As Africa’s top football spectacle begins, continental attention turns to Ivory Coast for whom AFCON means much more.
Abidjan, Ivory Coast – Cocktails being named after popular African footballers. Street merchants draped in samples of the orange-white-and-green Ivorian flags stacked for sale on their shoulders. Women decked in the jersey of Les Elephants, the senior men’s football team, dancing in the market. Wire designs of balls hung as overhead street decor alongside signs flanking the road from the airport into the Abidjan city centre. Big screens going up at large open-air beer parlours or maquis, across the nation.
On the eve of the 34th edition of the African Cup of Nations (AFCON), host country Ivory Coast is agog with anticipation. Nowhere is this more evident than in its commercial capital Abidjan, the economic powerhouse of Francophone Africa.
While the goals the 24 participating countries score during the footballing spectacle will likely elicit the loudest cheers, the tournament is also a source of patriotic joy for millions in this West African nation, where football has often been a tool for unity.
On several occasions, legendary striker Didier Drogba has used his stature as one of football’s greats and one of the most popular Africans alive, to call for lasting peace in his home country.
In October 2005, immediately after Les Elephants qualified for their first-ever appearance at the World Cup, Drogba, surrounded by his kneeling teammates pleaded with warring factions in the ongoing civil war, to lay down their arms. That wish was granted within a week.
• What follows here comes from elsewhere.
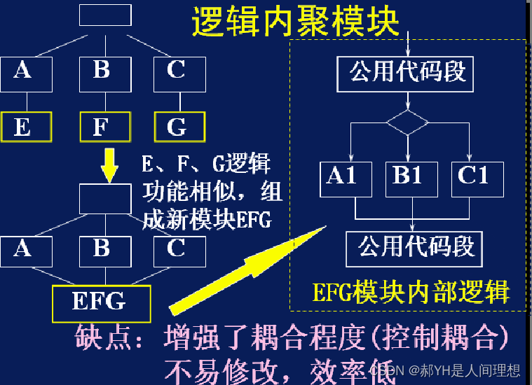 - 逻辑内聚:一模块完成功能在逻辑上属相同相似一类。

Just over two years ago, the former Chelsea striker again called for peace in his country following unrest that caused the deaths of nearly 100 people after President Alassane Ouattara – whose 2010 win triggered the second civil war – secured a controversial third term in office in November 2020.
“We are happy we can host Africa today,” says Brice Kouame, a patron at Blockosso, a lagoonside agglomeration of maquis in northern Abidjan, while sipping a Beaufort, a local beer. Having skipped the 2017 Francophone Games in the city, the last major sporting event the country hosted, the 27-year-old can’t wait for proceedings to begin on Saturday.
President Ouattara alluded to the potential reconciliatory role of hosting the Nations Cup for a second time – the other time was in 1984 – when he told the nation during his New Year’s address: “We must show our ability to unite, to make our country shine.”
His government has been busy ahead of the tournament.
In addition to a new shiny $260m, 60,000 capacity stadium on the outskirts of Abidjan named after Ouattara, several stadiums have been built or upgraded across four other cities: the capital Yamoussoukro, Korhogo to the north, the central hub of Bouake and dreamy coastal San Pedro near the Liberian border.